Whittington’s four schools of strategy the article belongs
Whittington, in his book on business strategy, puts forth four schools of thought on the subject: the classical planning approach, the evolutionary approach, the processual approach, and the systematic approach. The four theories counter different business situations.
The theory by Bhide in the Hustle and strategy supports the evaluation of the effectiveness and the efficiency of the various sections of the management structure to establish whether each has delivered on its role (Bhide 1986, p.57). The approach, therefore, according to Whittington’s classification falls under the evolutionary approach. An important thing to note is that the theories are not perfect fits for all situations, and consequently some feature may appear to spill into other theories although in lesser magnitude. The article, in this regard, also exhibits features of the systematic approach, which takes notice of the international significance to the business world behaviors (Cuizon 2009).
Strengths of the article
The article advises on the hustle technique, which is a comprehensive result based strategy involving evaluation of the realizable business objectives that each individual manager can deliver from their individual capacities and assigned roles. The environmental based and user-based approach is critical in modern day consumer markets where customer needs change on day-to-day basis (Porter 1996).
The research in the articles draws attention to the mistakes the financial sector stakeholders make in their profitability strategies. The errors come through indiscriminate, unevaluated elimination of services to customers and lack of solid appraisal programs for performance driven staff of the organization (Bhide 1986, p.64).
The article gives substantial content in which the proposed strategy does not work. The exceptions offer for a more objective reading of the article using practical real life examples. In particular, the expose underscores the importance of long-term strategy in maintaining competitive in the long-run (Bhide 1986, p.63).
Weaknesses of the article
The article concentrates on one kind of scenario to back its hustle and strategy line of reasoning, the financial sector. The restrictive case is despite the fact that the article highlights several cases where the traditional prescriptive strategy might show more irrefutable outcomes such as in the manufacturing sector. The reason, according to Bhide, for the volatility of the financial sector is the easy supplication of the financial sector strategies by rival firms. The same does not apply to the manufacturing organizations (Bhide 1986, p64).
Convincing and unconvincing elements of the article and reasons for the conclusions
The article is convincing in its evenhanded approach discussion on strategy.
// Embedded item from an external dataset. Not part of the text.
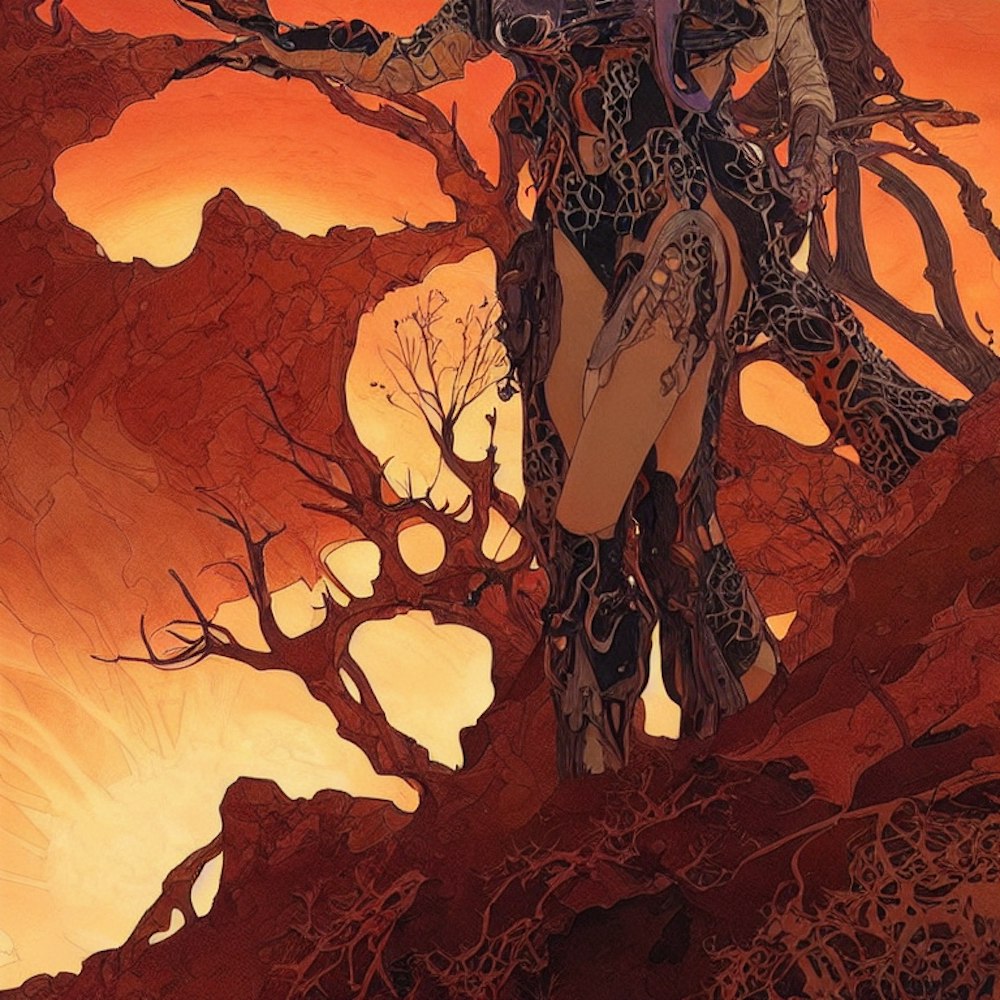 desert. burned trees, planet, intricate, Centered. Dittmann, Artgerm, WLOP, Mucha. Concept art. Planets, Space. Dynamic lighting. Regal. Bagshaw, Chevrier, Ferri, Kaluta, Minguez, Johansson.

The author appreciates the benefits that the prescriptive strategic methodology, and even recommends it for some cases on the basis of factual evidence.
The article is not as articulate in persuading the reader on the effective of the strategy to other areas of business where different competitive environments are likely to be experienced.
Comparison and contrasting of the article with relevant research in strategy
The article agrees with most sources on the topic of strategy. Some sources seem to have a broader view of the subject, which recognizes the applicability of each of the approaches outlined in various sources on the issue. Some authors seem to take more hardline classical view of the topic, and disrepute the main stand in the articles Hustle and strategy.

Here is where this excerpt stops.